# Sum of a series

1. May 9, 2012

### arl146

Find the sum of the series:

Summation (n=1 to infinity) 2^(1/n)

I already know that this is convergent. I don't see this as a geometric series so that means I have to use partial sums. And I know that the sum is equal to the limit of the sequence of partial sums. I just don't know how to don't out, there's not good enough examples in the book that go along with this

2. May 9, 2012

3. May 9, 2012

### micromass

Staff Emeritus
It is divergent as the term sequence converges to 1, and not 0.

4. May 9, 2012

### arl146

Oh yea I lied it is divergent. But I don't know why it is divergent either haha. How does it converge to 1? The terms are 2 + sqrt(2) + 2^(1/3) + 2^(1/4)+...

5. May 9, 2012

### Infinitum

Just a guess, here. I'm still trying to learn these type of series.

Since the term at n = infinity converges to 1, the sum would continue for ever, 1 being added at every successive ∞ + 1, ∞ +2, so on. Therefore you would never get a exact limiting sum, which makes it divergent.

I believe this is correct, though it would be great if someone confirmed it.

6. May 9, 2012

### arl146

Definitely makes sense, I didn't think of it that way!

7. May 9, 2012

### Ray Vickson

The series is divergent, and you do not need powerful software to tell you that.
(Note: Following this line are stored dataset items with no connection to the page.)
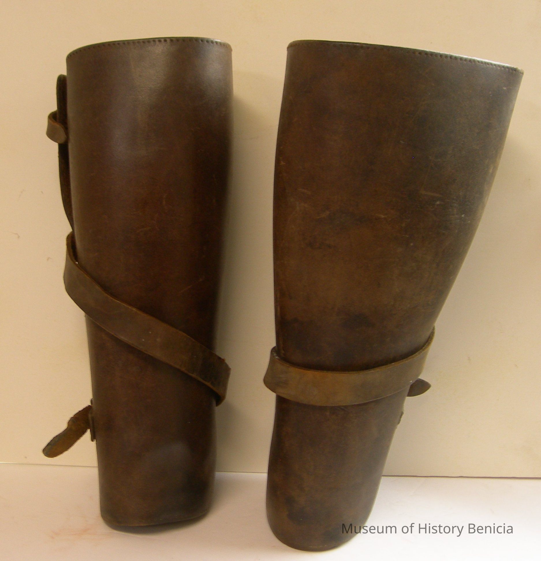 WWI heavy, stiff leather shin guards aka Puttees leggings, two straps with buckles to hold in place on lower leg; 12" long x 17" wide;
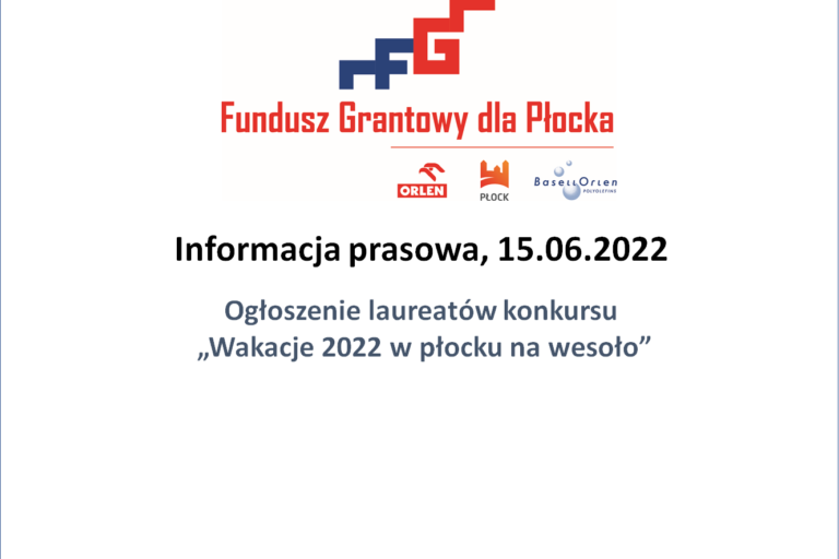 Oficjalne ogłoszenie laureatów konkursu „Wakacje 2022 w Płocku na wesoło”
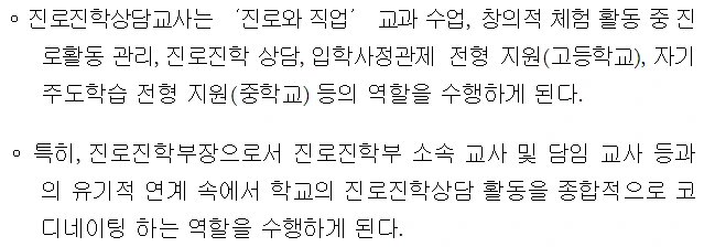 진로진학 상담교사. 학교에서 전문적이고 체계화된 진로 교육이 이루어져야 한다는 필요성에 따라 만들어진 자리.

The nth term a_n= 2^(1/n) does not approach 0 as n approaches infinity.

RGV

8. May 9, 2012

### arl146

So when I look for convergence or divergence of a series, if it doesn't approach 0, it's automatically divergent? And then all other numbers are convergent? What are like the 'rules' to it

9. May 9, 2012

### Ray Vickson

If the nth term does not --> 0 the series is divergent; if the nth term does --> 0 the series may converge or it may diverge: additional work is needed to tell which occurs.

RGV

10. May 10, 2012

### arl146

what kind of additional work? also, this is the first section on series, meaning we havent been taught any of the convergence tests...

11. May 11, 2012

### Staff: Mentor

Using the tests that you'll be soon seeing.

12. May 11, 2012

### Staff: Mentor

What Ray is talking about here is something you'll see very soon - the n-th term test for divergence. It is pretty important, but deceptively simple, saying that if the limit of the n-th term is not 0, then the series it's part of diverges.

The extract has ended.